4月19日夕刻、同船より長崎市保健所に連絡があり、乗船者4人に発熱を認め、1名ごとに窓のある客室内に隔離中とのことであった。翌4月20日に新型コロナウイルスのPCR検査を行ったところ、4人のうち1人が陽性であった。その後、4月25日迄に、発熱者と濃厚接触者57人、およびスクリーニングとして、エッセンシャルクルー(船内のライフライン等の維持に必要な乗員)134人、および残りの乗員428人に対して検査が実施された。その結果、これら全乗員623人のうち、148人(24%)が陽性であった。発熱者と濃厚接触者の陽性割合(検査した人数のうち、陽性であった割合)が最も高く(33/57(58%))、エッセンシャルクルー(27/134(20% ))とその他の乗員(87/428(20%))は共に20%であった。

陽性割合は、男性が24%、女性が21%と同様であった。また、10代の乗員は3人のみで2名が陽性であったが、その他の年齢群では、20代~60代迄、何れも約20%が陽性であり(範囲:18%~27%)、性別を問わず同様な感染状況であった(表)。国籍による陽性割合の違いは認めなかった。

表.クルーズ船「コスタ・アトランチカ」における、年齢群別の新型コロナウイルス検査結果(年代は4月27日現在)。A:男性とB:女性。

covid19 20 tbl1

このスクリーニング検査の結果から、4月19日の時点でコスタ・アトランチカの船内で感染が拡がっていた状況が明らかになった。陽性割合は、性別、年齢、国籍を問わず、約2割が陽性であったが、発熱者と濃厚接触者の群が約6割と最も高かった。

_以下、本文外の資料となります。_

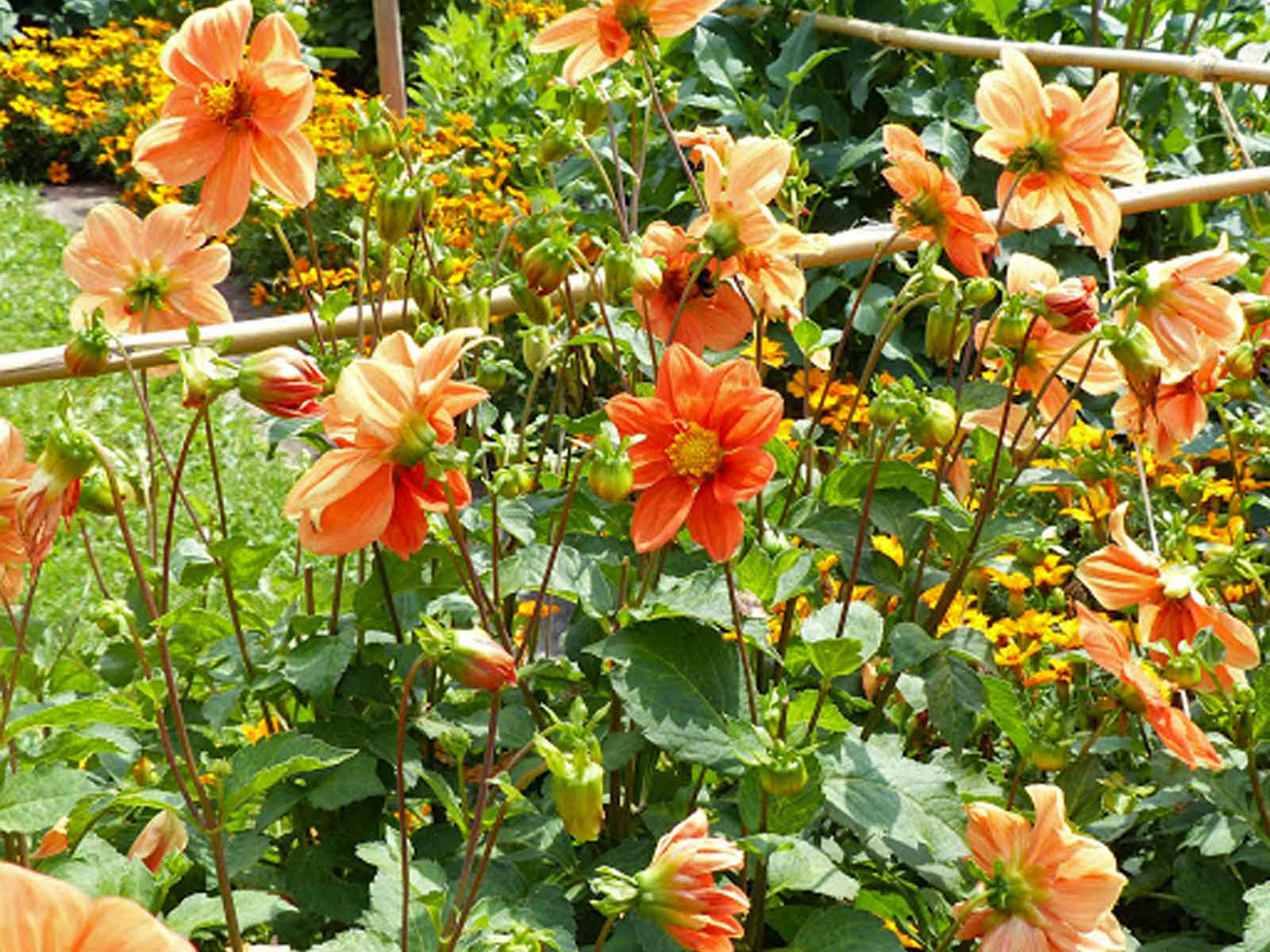 Reaching up to 30–40 cm (12–16″) in height, it thrives in moist, well-draining soil and prefers full sun for optimal growth. In colder climates, tubers should be lifted and stored over winter for protection. Expect a stunning display of bright orange blooms from mid-summer through early autumn!

4月19日、船の管理者の指示により、すべての乗員は窓のある客室に一人一部屋があてがわれ、スクリーニング検査で陰性だったエッセンシャルクルーを除いて部屋から出ないように措置が講じられた。しかし全員のスクリーニング検査が終了した結果、陽性例と陰性例の部屋が同じフロアに混在していることが判明した。そこで船内での感染拡大のリスクを可能な限り低くするために、現地活動チームがエッセンシャルクルーに対する感染予防教育と個人防護具の着脱の指導を行った。またエッセンシャルクルーが客室内の乗員と対面で接触する事の無い様にする工夫、COVID-19に関する感染対策ビデオ(英語)の放送、船内のエッセンシャルクルーの共有部分の消毒、感染対策に必要な物資(ガウンやアルコール製剤など)の提供等が実施された。5月1日現在、乗組員の健康観察と医療搬送体制の構築、船内の感染管理体制の整備、下船と帰国へ向けた調整が行われているところである。

参考文献
 
謝辞:検体採取等調査と対応に御協力いただきました医療機関、自衛隊、および行政機関の関係者、港湾で対応にあたるすべての関係者に深謝致します。
 
長崎県新型コロナウイルス感染症対策本部
長崎市保健所
クルーズ船現地活動チーム(長崎大学、国立感染症研究所、国立国際医療研究センター、厚生労働省DMAT事務局、香焼現地活動各救護班)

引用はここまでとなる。